At the beginning of the book Chris Goodall argues strongly that companies and governments cannot be expected to take strong action on the climate. His point is the simple one that no single government will take unilateral action on climate change and thus render its companies uncompetitive on a world scale, and loose votes in the process. Similarly no corporation will increase their costs by taking a greener route if this means that they loose market due to higher prices.

For Chris Goodall the responsibility lies clearly on the shoulders of the individual to take up the green challenge, once companies see markets emerging for greener, higher priced, goods then they will move to meet the demand, Governments too will be bolder in policy terms as they see positive advantages in being seen to be Green. Just like the first step towards energy savings at home generates effects larger than the individual action, so one individual’s actions create ripple effects through the community and workplace, setting an example and encouraging others, and ultimately corporations and governments.

There is clear evidence to show that the recent high profile debate on climate change is beginning to have an effect on policy makers, corporations and our culture. Whether it be Marks and Spencer’s A Plan, the Draft Climate Change Bill, or the increasing social unacceptability of 4x4 in town there is definitely a feeling that the Green agenda is spreading is branches. On the other hand is the clear evidence that our energy consumption, far from reducing is actually rising, while ethical consumerism is on the rise it still makes up a minute part of the food market. Consumer hunger for air and road travel and government’s grovelling acquiescence is a clear counter point to all their voluntary industry codes on sustainable this and renewable that.

Individual action and example is a superb start, but it does not replace the necessity to organise pressure both on corporation and government, and to work together to build alternatives to the energy heavy solutions of corporate Britian. The vast array of civil society organisations that bury away with less profile than say a Greenpeace or a Friends of the Earth are also where real change is being effected day after day, the social business networks, the organic allotment clubs, green gyms, housing associations, school pedestrian trains, car sharing schemes, these are providing low cost alternatives and collective solutions to a wide range of people.

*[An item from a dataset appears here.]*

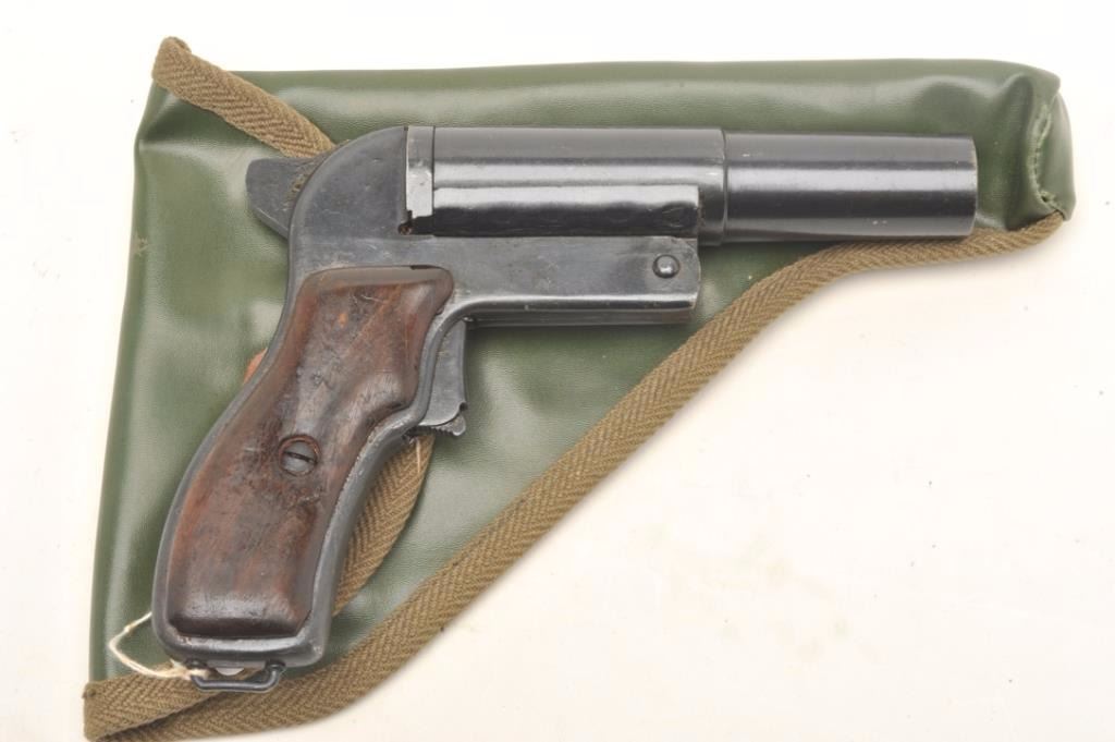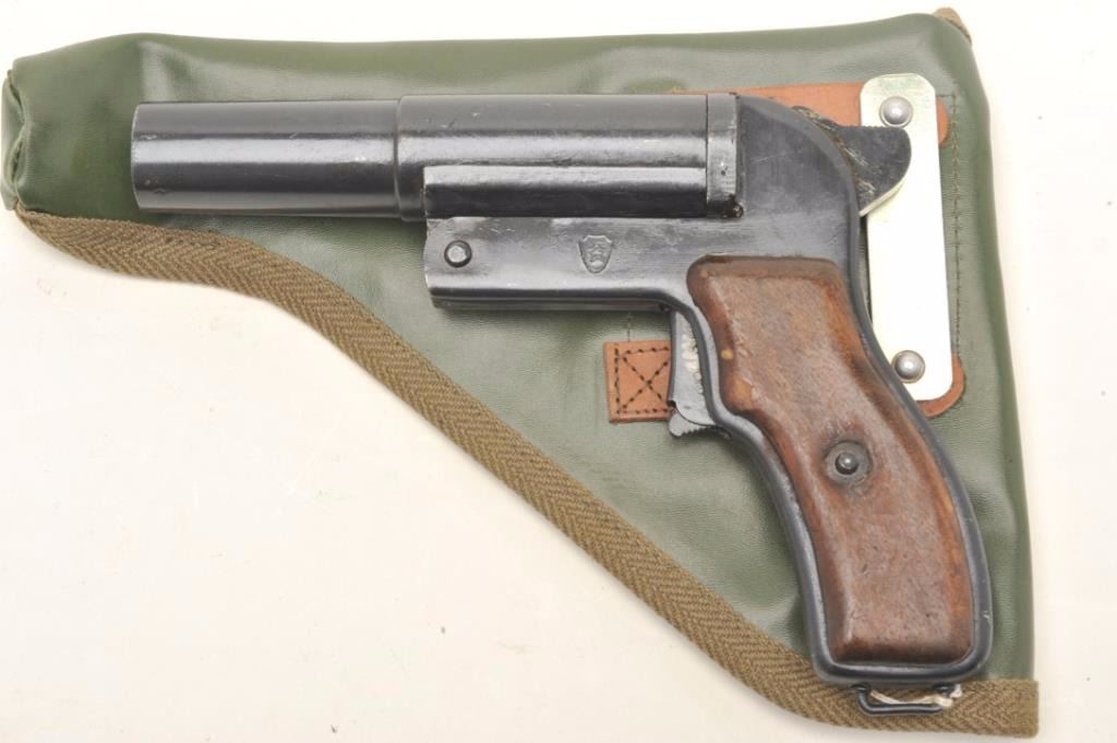 Soviet flare pistol, 26.5mm caliber, blued finish, wood grips, approximately 9” overall, no visible S/N, overall very good condition, strong action, very good grips; accompanied by Capture Papers from Vietnam War indicating returning GI was assigned to the 1st Air Cavalry. Est.: $100-$200.
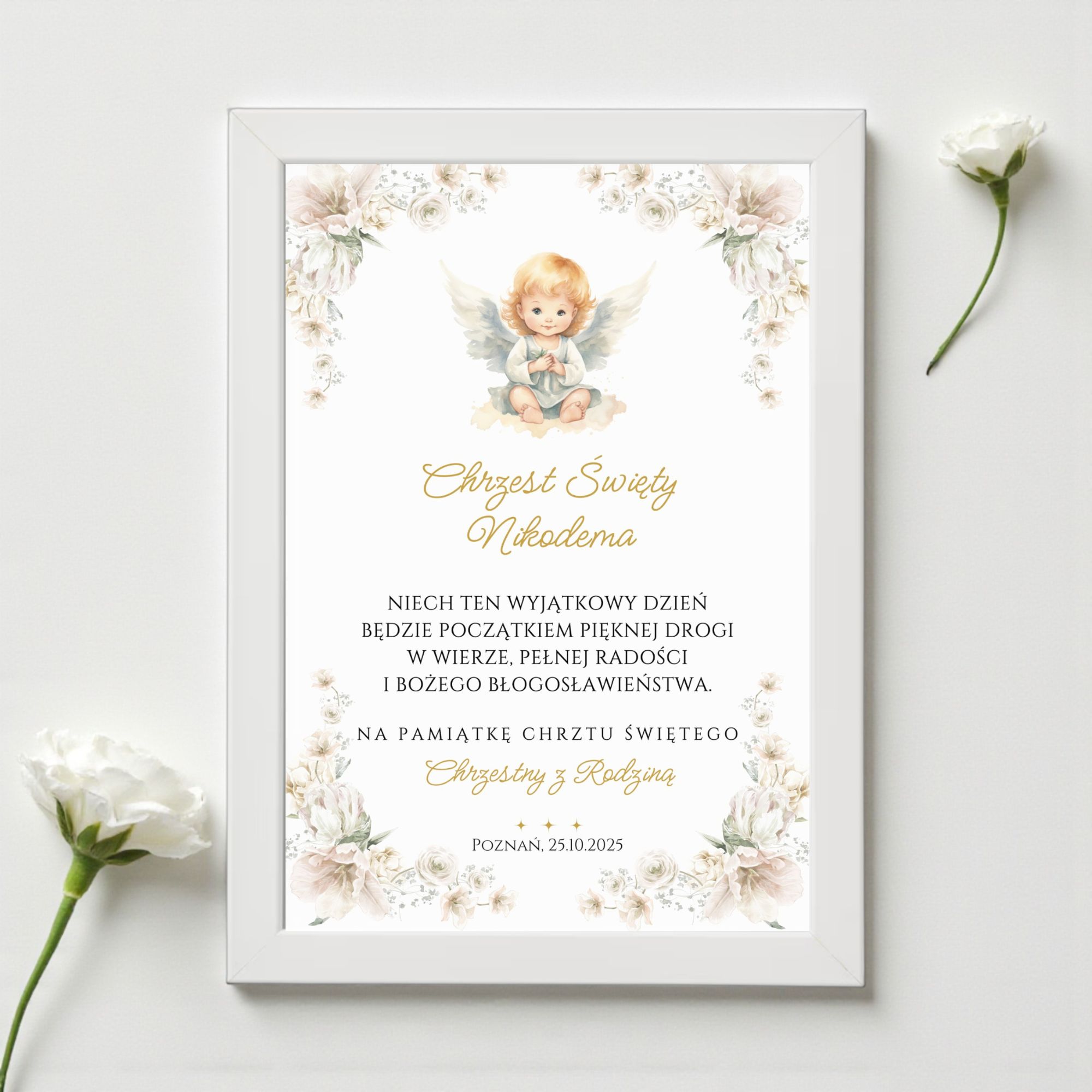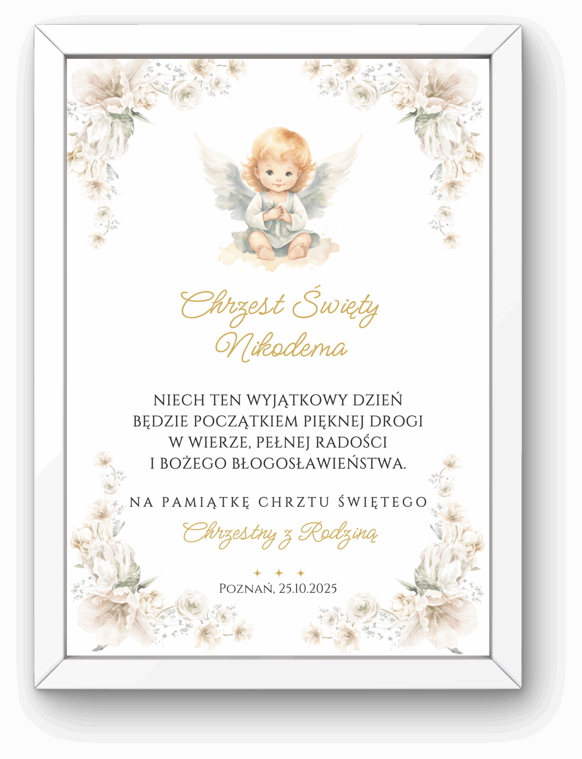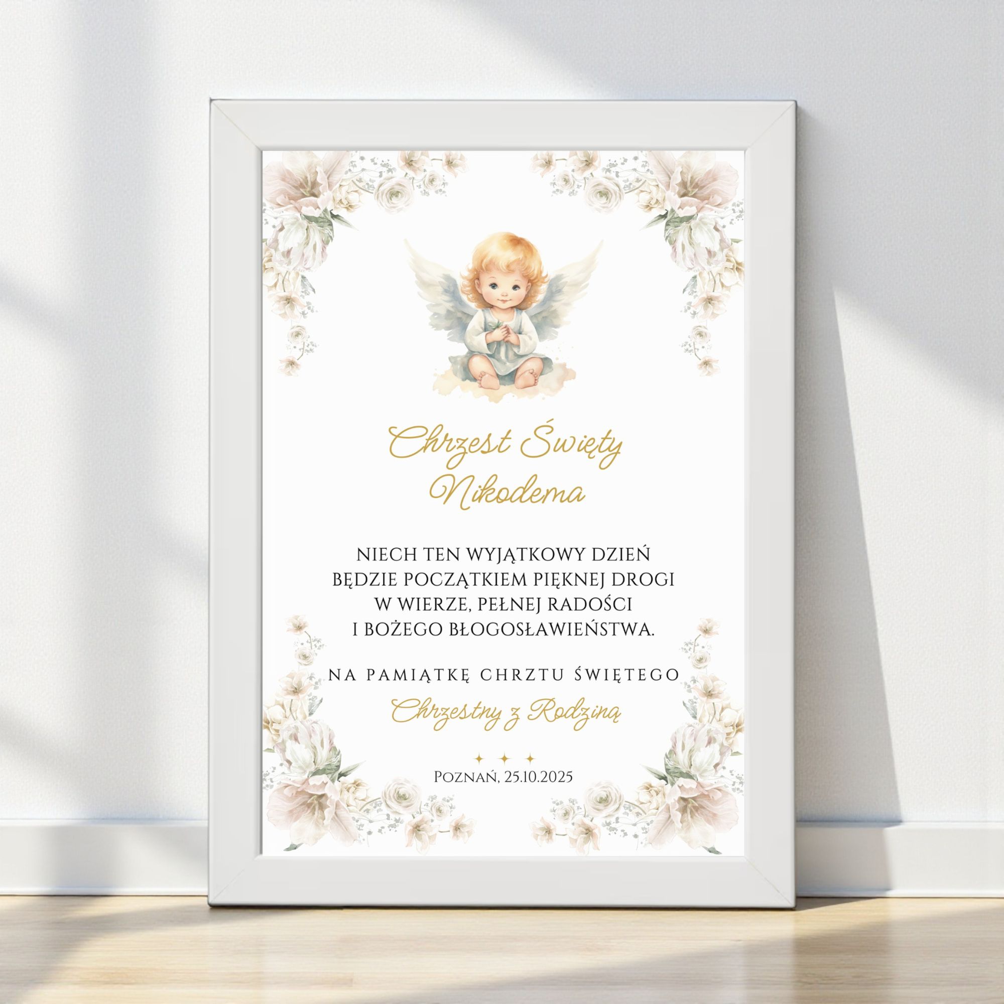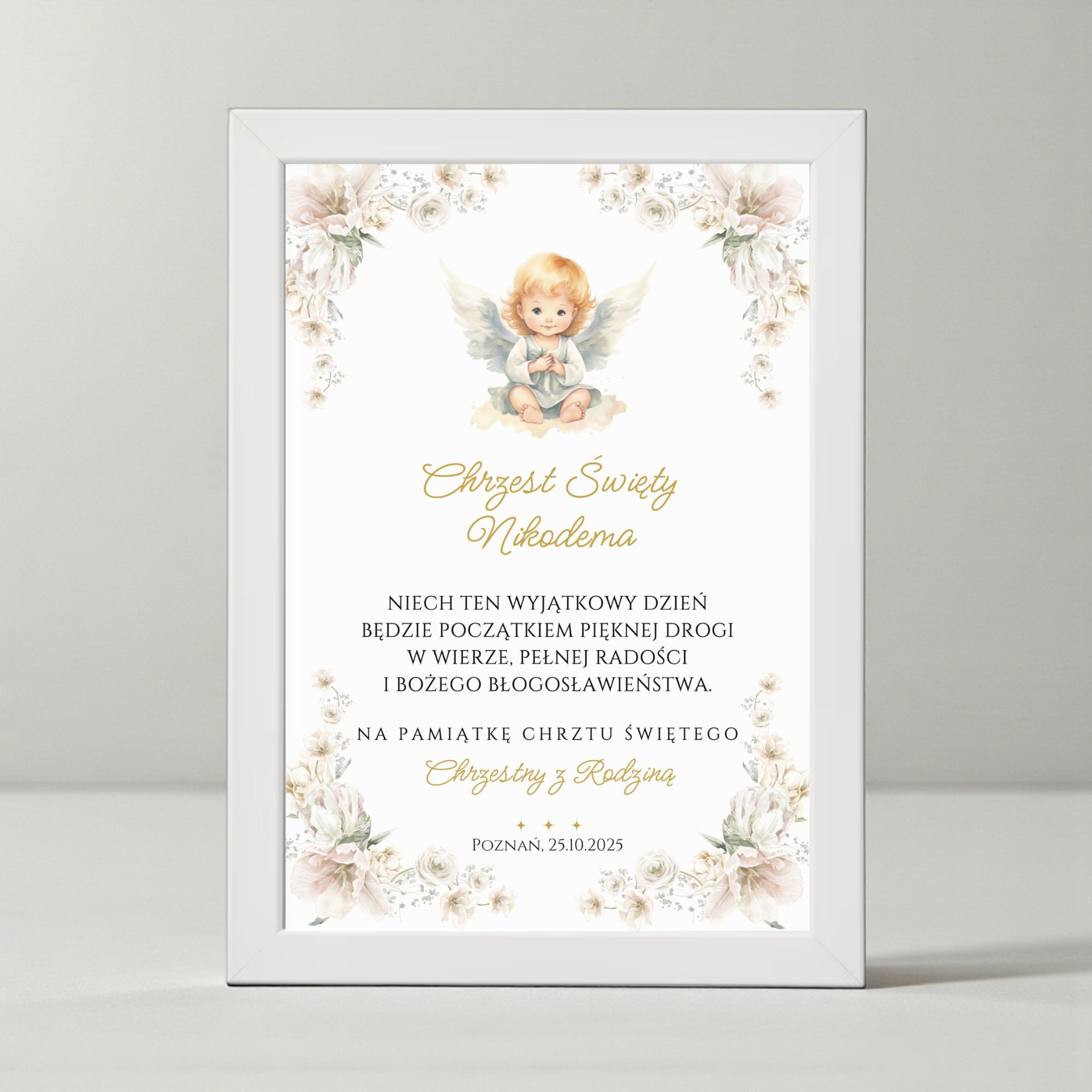 Pamiątka Chrztu Świętego A4 + Biała Ramka Ikea Fiskbo

They are also crucially the bedrock that will ensure that when the media have moved onto the next hot subject that the ethical and green approach will continue.

Chris Goodall’s ‘How to live a low carbon life’ is a very useful practical guide to the cutting first 68% of our individual carbon footprint. It will be sometime before such a clear no nonsense book needs to be re-written - although hopefully Government grants for installing energy saving and generating improvements, the price of selling energy back to the local grid, and the cost of running ‘green’ transport will mean that the figures need to be updated.